# [Problem details]
Some of the lines below need repeating. Reproduce exactly those between the lines holding "点击查看全文上海大学ACCA" and "realizzata dall' Ufficio", inclusive.

# [Exercise materials]

=== Section Start ===

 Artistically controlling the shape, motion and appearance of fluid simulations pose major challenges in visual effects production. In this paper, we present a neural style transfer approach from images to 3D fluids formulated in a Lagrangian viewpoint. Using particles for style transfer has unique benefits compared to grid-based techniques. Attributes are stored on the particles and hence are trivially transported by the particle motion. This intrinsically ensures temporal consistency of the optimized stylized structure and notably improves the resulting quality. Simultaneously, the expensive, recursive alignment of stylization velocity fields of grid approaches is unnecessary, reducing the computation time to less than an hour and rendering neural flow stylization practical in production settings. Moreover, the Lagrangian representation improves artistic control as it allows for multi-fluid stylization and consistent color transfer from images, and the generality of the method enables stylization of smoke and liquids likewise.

=== Section End ===
=== Section Start ===

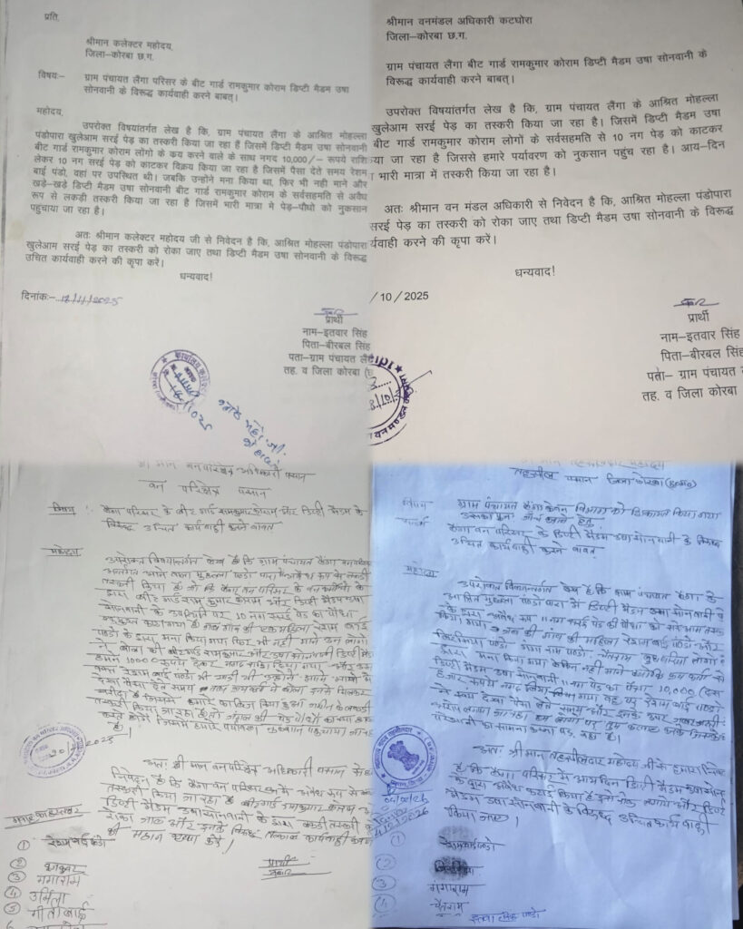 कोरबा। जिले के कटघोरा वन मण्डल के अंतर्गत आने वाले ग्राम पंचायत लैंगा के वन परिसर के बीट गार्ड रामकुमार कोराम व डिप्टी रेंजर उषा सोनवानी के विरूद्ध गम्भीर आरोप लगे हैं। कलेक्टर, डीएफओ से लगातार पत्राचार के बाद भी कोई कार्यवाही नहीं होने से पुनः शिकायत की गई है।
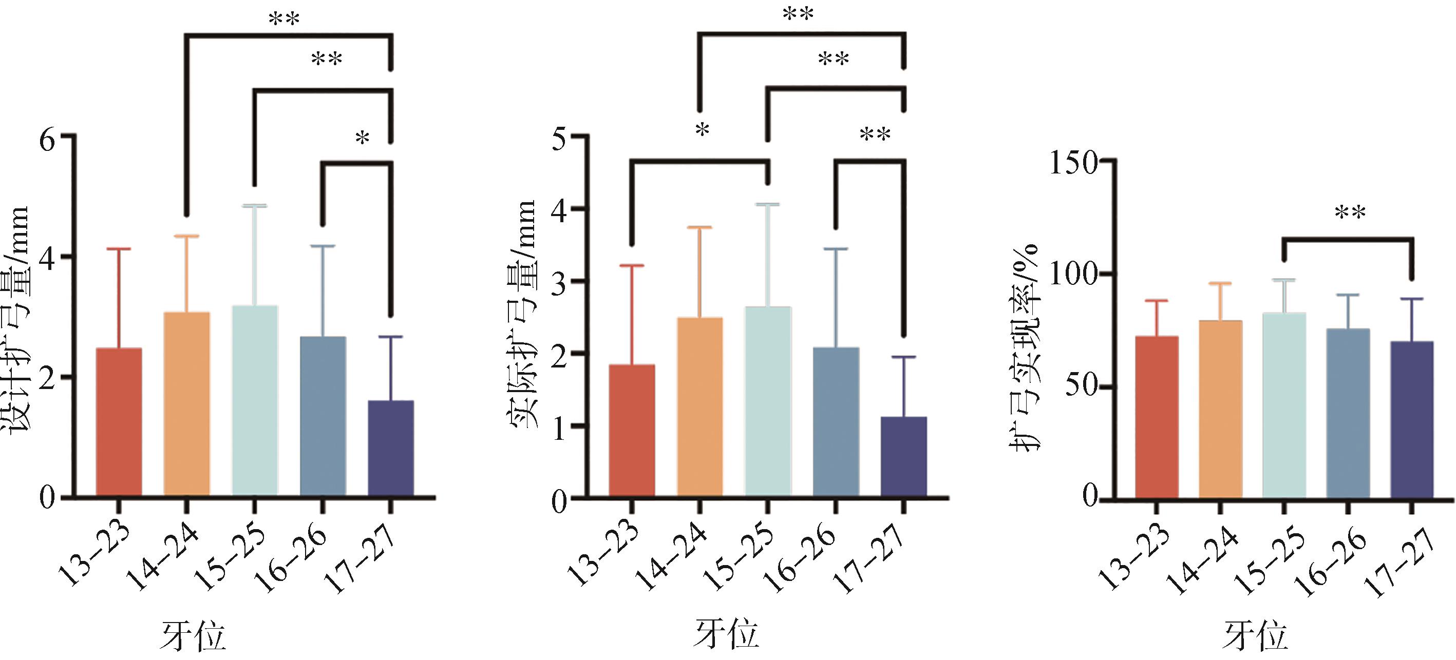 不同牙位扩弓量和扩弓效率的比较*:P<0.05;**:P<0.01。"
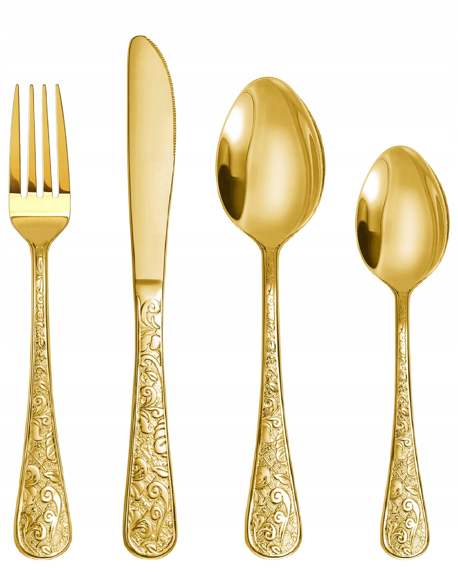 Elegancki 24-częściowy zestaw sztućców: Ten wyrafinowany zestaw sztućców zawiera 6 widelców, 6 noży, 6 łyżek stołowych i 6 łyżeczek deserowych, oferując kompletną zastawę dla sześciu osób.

=== Section End ===
=== Section Start ===

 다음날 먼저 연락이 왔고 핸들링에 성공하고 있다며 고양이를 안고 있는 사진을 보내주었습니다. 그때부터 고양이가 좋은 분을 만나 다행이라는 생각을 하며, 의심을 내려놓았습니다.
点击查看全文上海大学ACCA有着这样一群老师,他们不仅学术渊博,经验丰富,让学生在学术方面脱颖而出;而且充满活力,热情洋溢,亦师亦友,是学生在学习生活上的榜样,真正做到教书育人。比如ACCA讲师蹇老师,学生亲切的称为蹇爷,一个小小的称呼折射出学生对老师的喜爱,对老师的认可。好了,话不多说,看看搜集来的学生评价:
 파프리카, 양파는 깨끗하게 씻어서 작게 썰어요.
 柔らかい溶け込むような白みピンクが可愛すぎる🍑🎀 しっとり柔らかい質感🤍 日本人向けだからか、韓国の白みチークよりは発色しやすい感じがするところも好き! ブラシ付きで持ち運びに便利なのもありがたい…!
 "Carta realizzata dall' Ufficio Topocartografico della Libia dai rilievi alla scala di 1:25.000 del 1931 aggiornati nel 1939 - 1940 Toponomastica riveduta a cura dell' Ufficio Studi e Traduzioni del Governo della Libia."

=== Section End ===

# [Output of the task]
点击查看全文上海大学ACCA有着这样一群老师,他们不仅学术渊博,经验丰富,让学生在学术方面脱颖而出;而且充满活力,热情洋溢,亦师亦友,是学生在学习生活上的榜样,真正做到教书育人。比如ACCA讲师蹇老师,学生亲切的称为蹇爷,一个小小的称呼折射出学生对老师的喜爱,对老师的认可。好了,话不多说,看看搜集来的学生评价:
 파프리카, 양파는 깨끗하게 씻어서 작게 썰어요.
 柔らかい溶け込むような白みピンクが可愛すぎる🍑🎀 しっとり柔らかい質感🤍 日本人向けだからか、韓国の白みチークよりは発色しやすい感じがするところも好き! ブラシ付きで持ち運びに便利なのもありがたい…!
 "Carta realizzata dall' Ufficio Topocartografico della Libia dai rilievi alla scala di 1:25.000 del 1931 aggiornati nel 1939 - 1940 Toponomastica riveduta a cura dell' Ufficio Studi e Traduzioni del Governo della Libia."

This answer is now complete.